Search code examples
javaxmlxml-parsingjackson-databindjackson-dataformat-xml

JacksonXML - Deserialize XML Comments <!-- -->


The closest question I can find currently is this which has no conclusive answer:

I am trying to parse XML comments and map it to certain fields in Java.

Below was a simple POC I did in attempt to get this to work.

My current XML model looks something like this:

<Model>
    <!--
    ** some comment here
    -->
    <Value1>foo</Value1>
    <!--
    ** another comment here
    -->
    <Value2>bar</Value2>
</Model>

I have defined my Java model like so:

@JacksonXmlRootElement(localName= "Model")
@JsonDeserialize(using = CustomDeserializer.class)
final class ModelFile {

    @JacksonXmlProperty(localName = "value1")
    private String value1;

    @JacksonXmlProperty(localName = "value2")
    private String value2;

    private List<String> comments;

    // Getters and Setters
}

And my CustomDeserializer like so (Else If statement will not work, this is the part im trying to get working):

public class CustomDeserializerextends JsonDeserializer<ModelFile> {

    @Override
    public ModelFiledeserialize(JsonParser p, DeserializationContext ctxt) throws IOException {
        List<String> comments = new ArrayList<>();
        ModelFile sample = new ModelFile();
        while (p.nextToken() != JsonToken.END_OBJECT) {
            if (p.getCurrentToken() == JsonToken.FIELD_NAME) {
                String fieldName = p.getCurrentName();
                p.nextToken();
                if (fieldName.equals("value1")) {
                    sample.setValue1(p.getText());
                } else if (fieldName.equals("value2")){
                    sample.setValue2(p.getText());
                }
            } else if (p.getText().equals("<!--")) {
                p.nextToken();
                comments.add(p.getText());
                p.nextToken();
            }
        }
        sample.setComments(comments);
        return sample;
    }
}

And finally a sample test to test it's functionality:

@Test
    public void testDeserializeWithCommentsAsList() throws Exception {
        String xml = 
                "<model>\n" +
                "  <!--\n" +
                "  this is a comment \n" +
                "  -->\n" +
                "  <value1>foo</value1>\n" +
                "  <!--\n" +
                "  Another comment \n" +
                "  -->\n" +
                "  <value2>bar</value2>\n" +
                "</yourclass>";
        XmlMapper xmlMapper = new XmlMapper();

        YourClass yourClass = xmlMapper.readValue(xml, Model.class);
        List<String> comments = yourClass.getComments();
        assertNotNull(comments);
        assertEquals(2, comments.size());
        assertEquals("this is a comment", comments.get(0));
        assertEquals("Another comment", comments.get(1));
    }

The problem as I understand it is the CustomDeserializer seems to recognize both value1 and value2 as valid fields allowing me to later map the fields directly. XML Comments however are not recognized at all.
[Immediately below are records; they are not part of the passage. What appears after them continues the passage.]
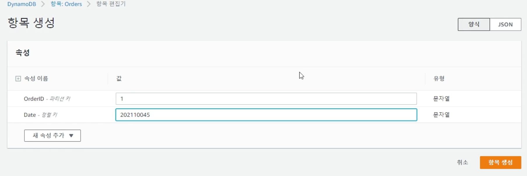 DynamoDB 항목(Item) 추가하기
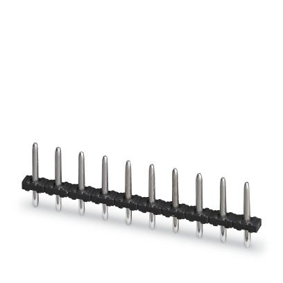 Stiftleiste, Nennquerschnitt: 1,5 mm², Farbe: schwarz, Nennstrom: 12 A (Abhängig von verwendetem Stecker), Bemessungsspannung (III/2): 320 V, Kontaktoberfläche: Sn, Kontaktart: Stift, Anzahl der Potenziale: 9, Anzahl der Reihen: 1, Polzahl: 9, Anzahl der Anschlüsse: 9, Artikelfamilie: PST 1,3/..-V, Rastermaß: 5 mm, Montage: THR-Löten / Wellenlöten, Pin-Layout: Lineares Pinning, Pinlänge [P]: 3,5 mm, Stecksystem: COMBICON PST 1,3, Verriegelung: ohne, Befestigungsart: ohne, Verpackungsart: verpackt im Karton, Der maximale Strom richtet sich nach dem verwendeten Stecker. Der niedrigere der beiden Stromwerte für Stecker und Stiftleiste ist maßgebend. Die Stiftleiste ist aus einem hochtemperaturfesten Kunststoff hergestellt und ist somit für den Reflowprozess geeignet.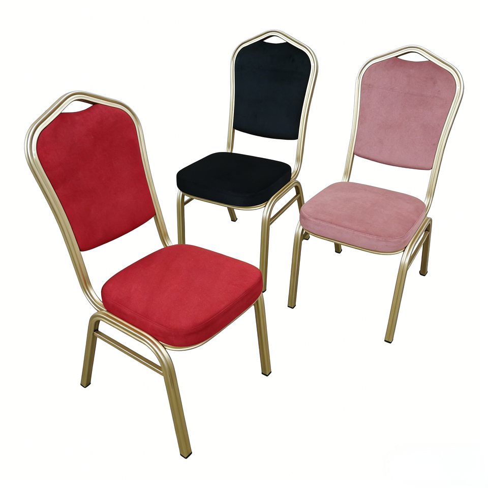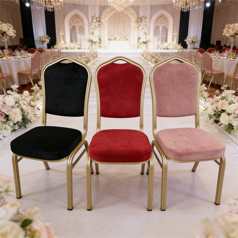 เก้าอี้จัดเลี้ยงโครงโลหะสีทองหรูหรา ทำจากสแตนเลส เหมาะสำหรับงานโรงแรม งานแต่งงาน อพาร์ทเมนท์ และสวนสาธารณะ พร้อมผ้าคลุมที่ถอดออกได้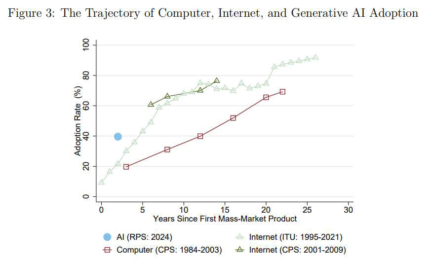 But I just don’t think this is going to happen to AI. Very few people use VR, even a decade after it started getting hyped. But AI is being adopted more rapidly than any technology in history. As far back as a year ago, 40% of people were already using AI at work: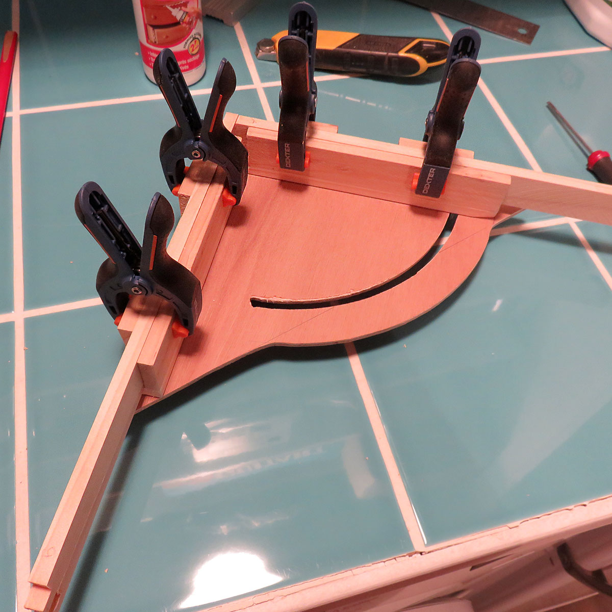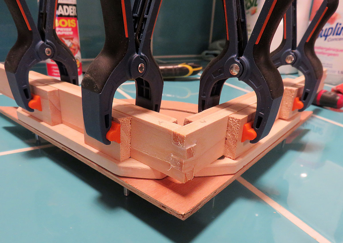 Le plus important est qu’une fois un angle réglé, l’ensemble soit le plus rigide possible et empêche tout déréglage. Voici mon nouvel outil à l’oeuvre pour assembler le cadre d’un jeu à venir …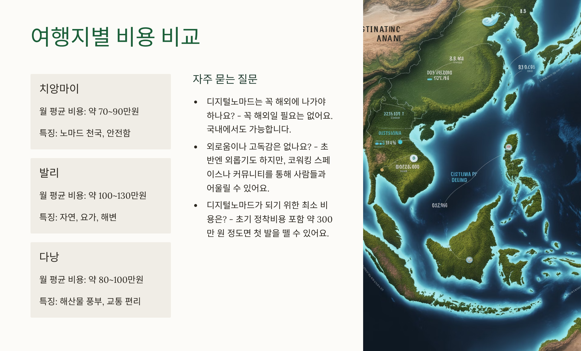 사실 디지털노마드 하면 다들 발리, 치앙마이 같은 곳을 떠올리잖아요? 이유가 있어요. 생활비가 저렴하면서 인터넷도 빠르고, 노마드 커뮤니티도 활성화되어 있거든요. 직접 비교해본 결과는 이렇습니다: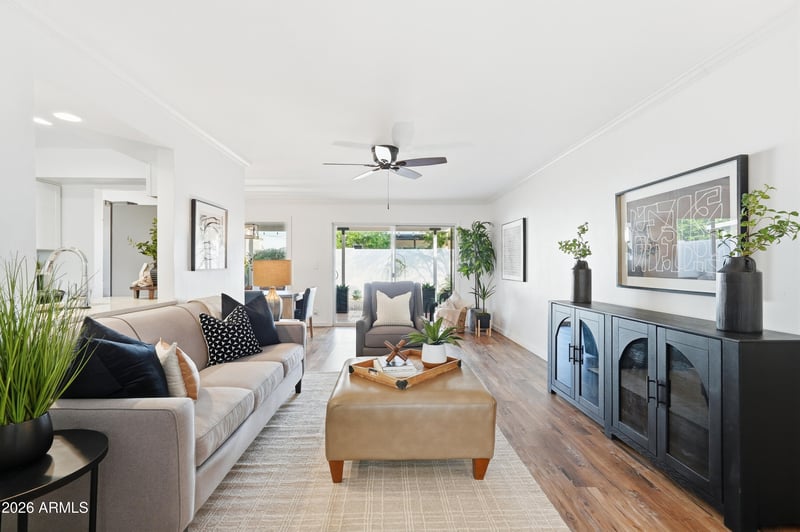 Listing details for 7630 Pasadena Ave, Scottsdale, AZ 85250 : Remodeled 2-bedroom, 2-bath townhome located in the highly sought-after Villa Monterey, a Historic Preservation Community showcasing iconic architecture and exuding charm! This thoughtfully updated residence welcomes you with a beautiful living room featuring wood-look flooring and a neutral, timeless palette that complements any style of furnishings. The galley kitchen offers crisp white cabinetry, stainless steel appliances, and ample prep space—perfect for everyday living and entertaining. Both bedrooms are generously sized and paired with beautifully updated bathrooms featuring modern vanities and finishes. Step outside to your private, low-maintenance landscaped yard, an ideal spot to relax. Heated community pool and spa. Short walk to Old Town Scottsdale, where you can enjoy world-class dining, shopping, galleries, and entertainment. A rare opportunity to own a move-in-ready home in one of Scottsdale's most beloved historic and walkable communities.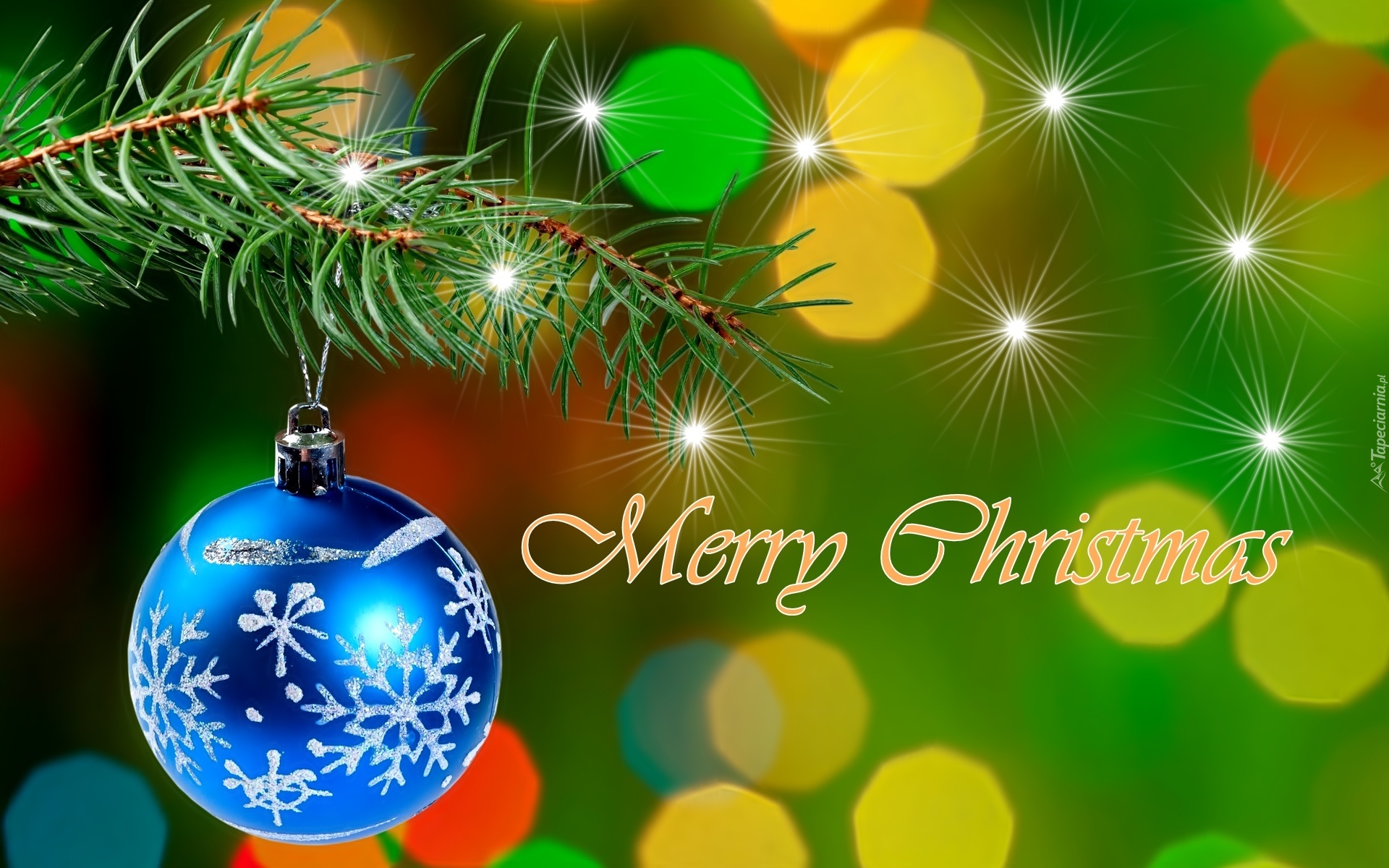 Edytor tapety: Boże, Narodzenie, Niebieska, Bombka, Gałązka, Światełka

I say XML Comments specifically because if I change this to a more standard comment type such as this:

    "<model>\n" +
    "  // this is a comment \n" +
    "  <value1>foo</value1>\n" +
    "  // another comment \n" +
    "  <value2>bar</value2>\n" +
    "</yourclass>";

Then the JsonParser in the CustomDeserializer will pick up the comments. Looking further into Jsonparser I see Features that can be enabled namely ALLOW_COMMENTS which does recognize typical Java/C++ comments or ALLOW_COMMENTS_YAML which looks specifically for # type comments.

https://fasterxml.github.io/jackson-core/javadoc/2.8/com/fasterxml/jackson/core/JsonParser.Feature.html#ALLOW_COMMENTS

My guess is considering JacksonXML extends of JSON and typically comments are not supported in JSON, this is not really viable? Considering that it could technically work for // type comments, I feel like im really close to getting this to work.
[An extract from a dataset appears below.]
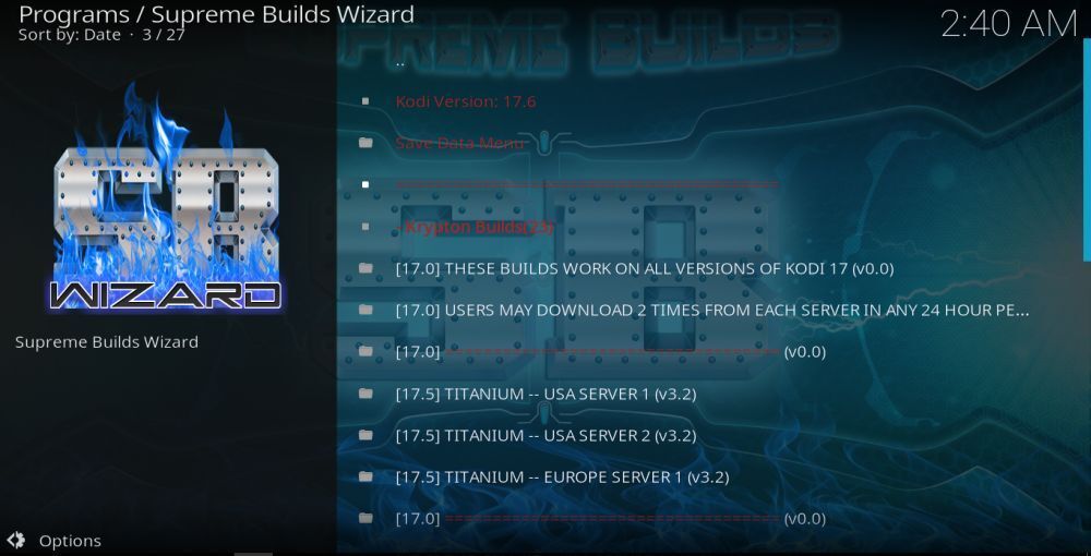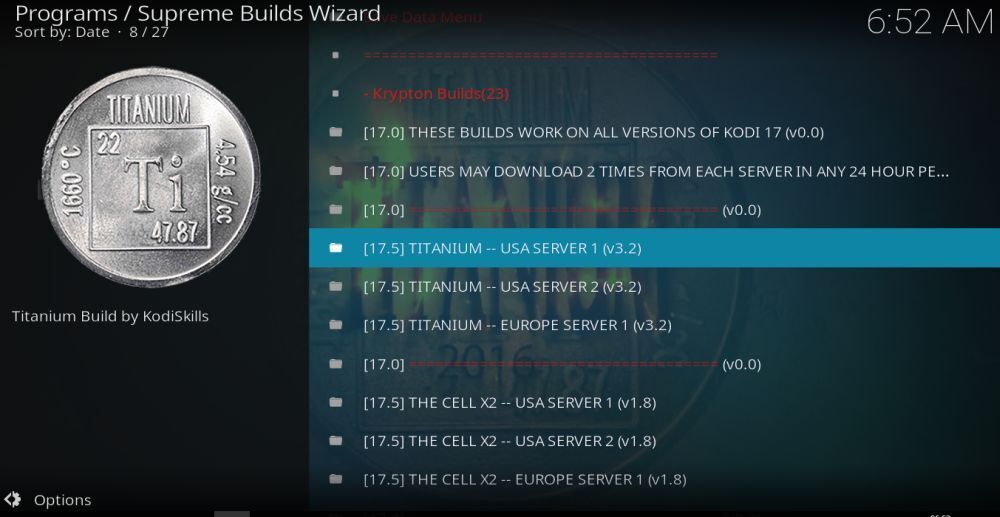 - To download and install the Titanium Kodi build, open the Wizard and select (Supreme Builds) Builds. Choose one of the Titanium Build options from the menu that follows and then just follow the simple onscreen instructions to get Titanium installed and running.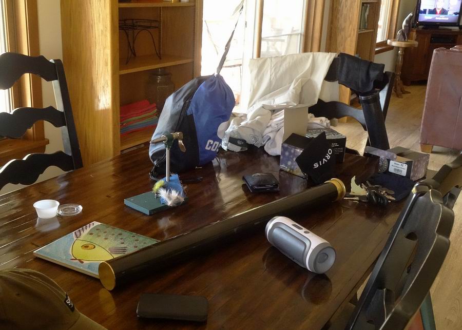 Je näher wir unserem Ziel kamen, wurde es immer abgeschiedener, bis ich schließlich keinen Handy-Empfang mehr hatte. Zudem war es stockfinster, da wir, nachdem wir eine Stunde im Walmart verbracht habe, erst um 22:30 Uhr in unser Unterkunft eintrafen. Adam, unser Präsident, hat diese Unterkunft ausgesucht, nachdem er schon die letzten Jahre mit dem Club dort war. Ich muss sagen, er hat einen ausgezeichneten Job gemacht! Als wir das Haus betraten, waren wir sprachlos. Es war riesengroß und äußerst gepflegt mit Liebe zum Detail! Überall gab es Fliegenfischerdeko und nützliche Sachen. Das Haus von innen... |

The question for this would be: How do I handle <!-- --> type comments in XMLs while using jackson-databind-xml to deserialize it into POJO?

Any idea or suggestions are welcomed.


Solution

  • Ultimately, no this cannot be done it seems. Adding a @JsonDeserializer on the root Object and then having a look at the Jsonparser that is being used revealed that by the time JacksonXML attempts to process the XML, all traces of the comments has been removed (Specifically again <!-- --> type comments!)
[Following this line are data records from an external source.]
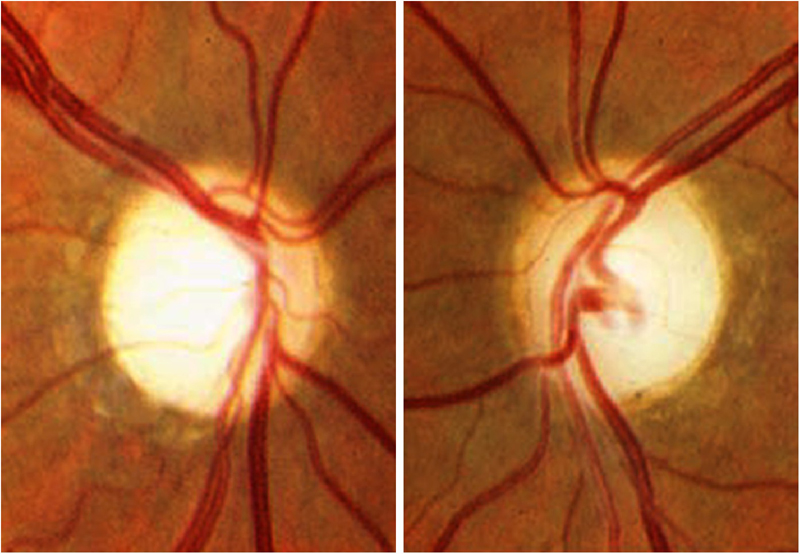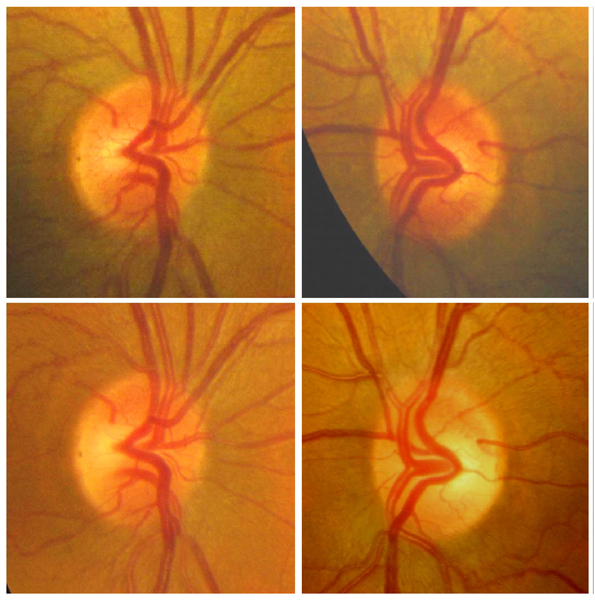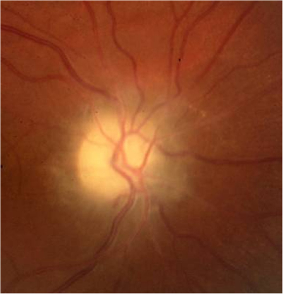 Este grupo de neuropatías producen una pérdida visual bilateral, simétrica, de inicio subagudo e indoloro. La discromatopsia es precoz y el defecto campimétrico suele ser central o centrocecal. Inicialmente, el fondo de ojo es normal, pero con el tiempo aparece palidez del disco óptico que predomina en el sector temporal del disco óptico (Figura 7). Para realizar un correcto diagnóstico, la historia clínica deber ser tomada de manera minuciosa, y centrada en los fármacos que toma el paciente y realizar una determinación de vitaminas (B1, B6, B12) y ácido fólico en sangre.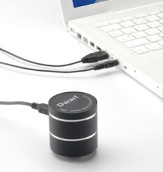 直販サイトの販売価格は4,980円(税込)。本体の底部を机の上などに接触するかたちで置くことにより、対象物を振動板にして音がでる方式を採用している。同社では「フラットな面であれば高いクオリティで音が出せる」と説明しており、木材/ガラス/金属/段ボールなどを対象物つにしてもスピーカーとして利用が可能であるという。本体底部はシリコン素材を採用しており、テーブルなど対象物への高い吸着力を持たせている。電源はPCからUSB経由で給電可能。ケーブル長は1.5mとなる。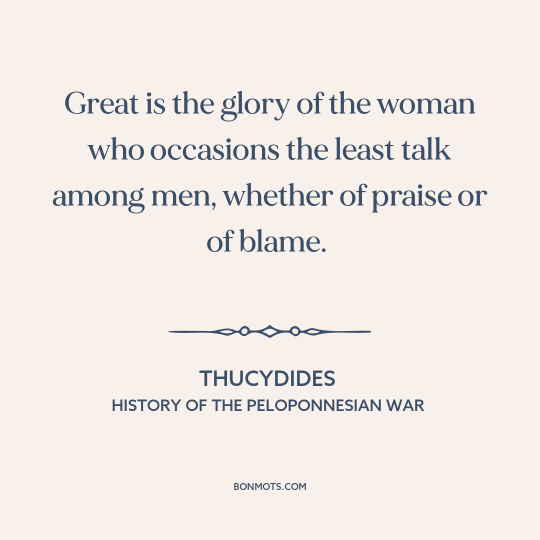 Great is the glory of the woman who occasions the least talk among men, whether of praise or of blame.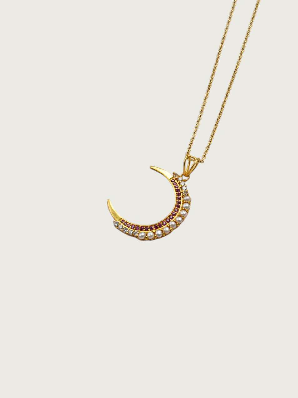 Inspired by the celestial beauty of the moon, this handcrafted necklace features a crescent-shaped pendant. The gold-plated finish enhances its timeless charm, making it a sophisticated addition to any collection.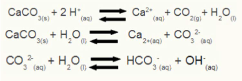 A reação destes materiais é lenta e gradual. O carbonato é uma base fraca, a formação do OH- é gradual e a reação é mais lenta com H+ do solo. A elevação do pH ocorre nas proximidades de onde o calcário foi aplicado.

    The alternative solution I did, which was suggested by user LMC was to read the xml as a stream and look for events that are Comment type. I would then take the comment and push it into a List which is eventually returned.

    Really not ideal as the XML is being read twice (Once for Jackson Mapping and once more to collect the comments) however for my scenario we've decided to go that way as the performance reading it twice vs once is negligible and to read and manually populate my business object without Jackson would take a lot of time to implement.